Apollo 8 was the first manned spacecraft to orbit the moon. On December 24, 1968, in what was the most watched television broadcast in the world at the time, the crew of Apollo 8 read in turn from the Genesis chapter 1. Bill Anders, Jim Lovell and Frank Borman recited the first ten verses of Genesis chapter one unashamedly in a world which was still mercifully free of political correctness,

Bill Anders,

“We are now approaching lunar sunrise, and for all the people back on Earth, the crew of Apollo 8 has a message that we would like to send to you.”

“In the beginning God created the heaven and the earth. And the earth was without form, and void; and darkness was upon the face of the deep. And the Spirit of God moved upon the face of the waters. And God said, Let there be light: and there was light. And God saw the light, that it was good: and God divided the light from the darkness.”

Jim Lovell,

And God called the light Day, and the darkness he called Night. And the evening and the morning were the first day. And God said, Let there be a firmament in the midst of the waters, and let it divide the waters from the waters. And God made the firmament, and divided the waters which were under the firmament from the waters which were above the firmament: and it was so. And God called the firmament Heaven. And the evening and the morning were the second day.

Frank Borman

And God said, Let the waters under the heaven be gathered together into one place, and let the dry land appear: and it was so. And God called the dry land Earth; and the gathering together of the waters called he Seas: and God saw that it was good.”

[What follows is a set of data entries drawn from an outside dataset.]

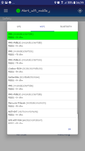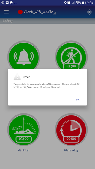 Cette sécurité permet la surveillance de l’opérateur sensé traverser une zone blanche (non couverte par le réseau Wifi ou GSM). Un compte à rebours est paramétré pour déterminer le temps de traversée (ou une opération) en zone blanche. Si la connexion est perdue au-delà du délai une alarme « Surveillance » est générée par Alert. Le paramétrage doit être réalisé avec l’onglet Préférences/sécurité.
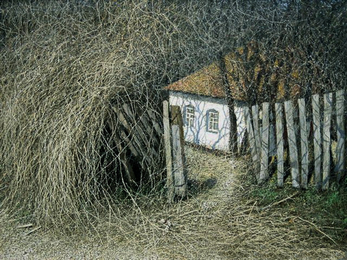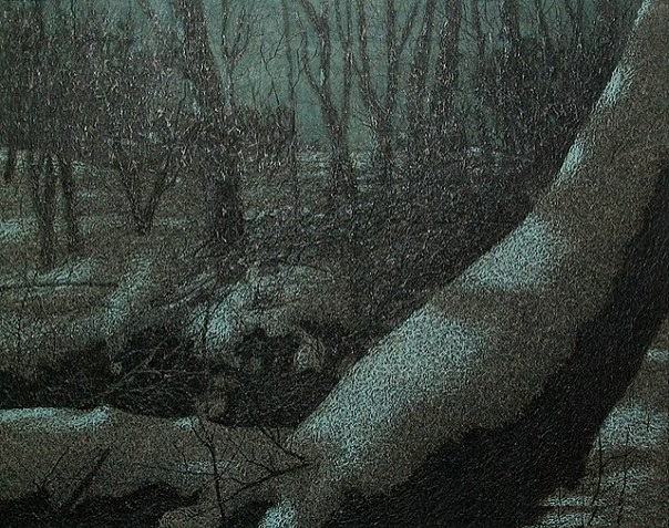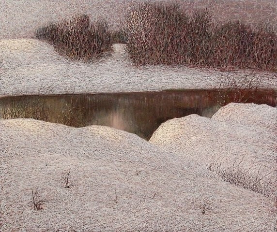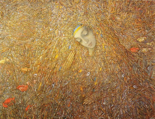 Я самовольно перестал списывать названия, которые он стал вдруг давать своим произведениям. Он портит их. Здешностью. Тутосторонностью. Типа ⌠Тече рЁчка Снов. 1984■. Но это и хорошо, если художник сам себя не понимает. Почему возник стиль модерн на грани XIX-XX веков? √ От скуки мирного развития. Бедные беднели, богатые богатели, и все √ одинаково пошлые и низменные. И не видно было выхода из этой скуки. Марчук собственно то же видел в своей жизни. Он даже ужасы катастройки и реставрации капитализма начала 90-х не застал √ ⌠Протягом 1989√2001 рокЁв мешкав у АвстралЁ©, КанадЁ й США■ (Википедия). А там √ от сытости заскучать можно. Вот и доводил себя до предвзрывного состояния специальной техникой исполнения картин: ⌠...ничто не отвлекает его от работы, которую Марчук называет утомительной, скучной и неинтересной для столь подвижного человека, как он. Сколько километров тончайших нитей пришлось ему провести на холсте и бумаге, чтобы сплести две тысячи картин!■ (http://www.gordon.com.ua/tv/marchuk). Предвзрыв от скуки и порождает ницшеанство, а то √ странные картины. Можно даже удивляться, насколько чутки были к идейным врагам советские деятели от искусства, отказавшиеся считать его художником. 30 октября 2014 г.
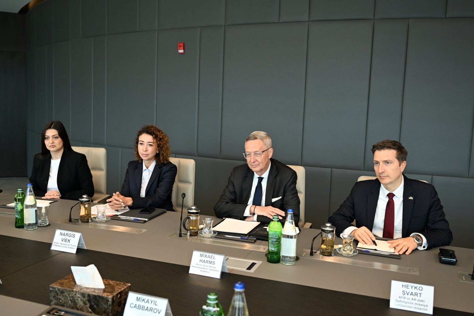 "Alman İqtisadiyyatının Şərq Komitəsinin sədri Mixael Harms ilə görüşdə işgüzar dairələr arasında əlaqələrin inkişafı perspektivlərini müzakirə etdik. Azərbaycanın əlverişli biznes ve investisiya mühitinin alman şirkətlərinin ölkəmizdə fəaliyyətinin genişləndirilməsinə yaratdığı imkanları vurğuladıq.

“And from the crew of Apollo 8, we close with good night, good luck, a Merry Christmas – and God bless all of you, all of you on the good Earth.

O’Hair wanted a ban on Nasa astronauts practising ‘religion’ (as she termed it) on earth, in space or “around and about the moon” while on duty. Her case against Nasa eventually fizzled out, but it did enough damage to change the tone of the Apollo 11 mission.  Aldrin had originally intended a much more pioneering Christopher Columbus-style Christian ceremony on the moon, but he was ordered to tone it down in the light of the lawsuit.

The conclusion of Madelyn O’Hair’s life mission was very tragic. In 1995, she was murdered along with her son Jon and granddaughter Robin. After a long search, their dismembered and charred bodies were found in a field. Her former employee and fellow atheist activist David Waters masterminded a plot to rob and murder her.

Apollo 11 was a successful mission and Bible Believing Christian Buzz Aldrin was not stopped from celebrating his love for Jesus Christ as the first ever ceremony to be performed on the moon. His mission was completed and he was allowed to express his Christian faith, as were the Apollo 8 astronauts.

Three thousand years ago, King Solomon gave a warning in the bible, a prophecy in this unfortunate case,

No harm comes to the godly, but the wicked have their fill of trouble.”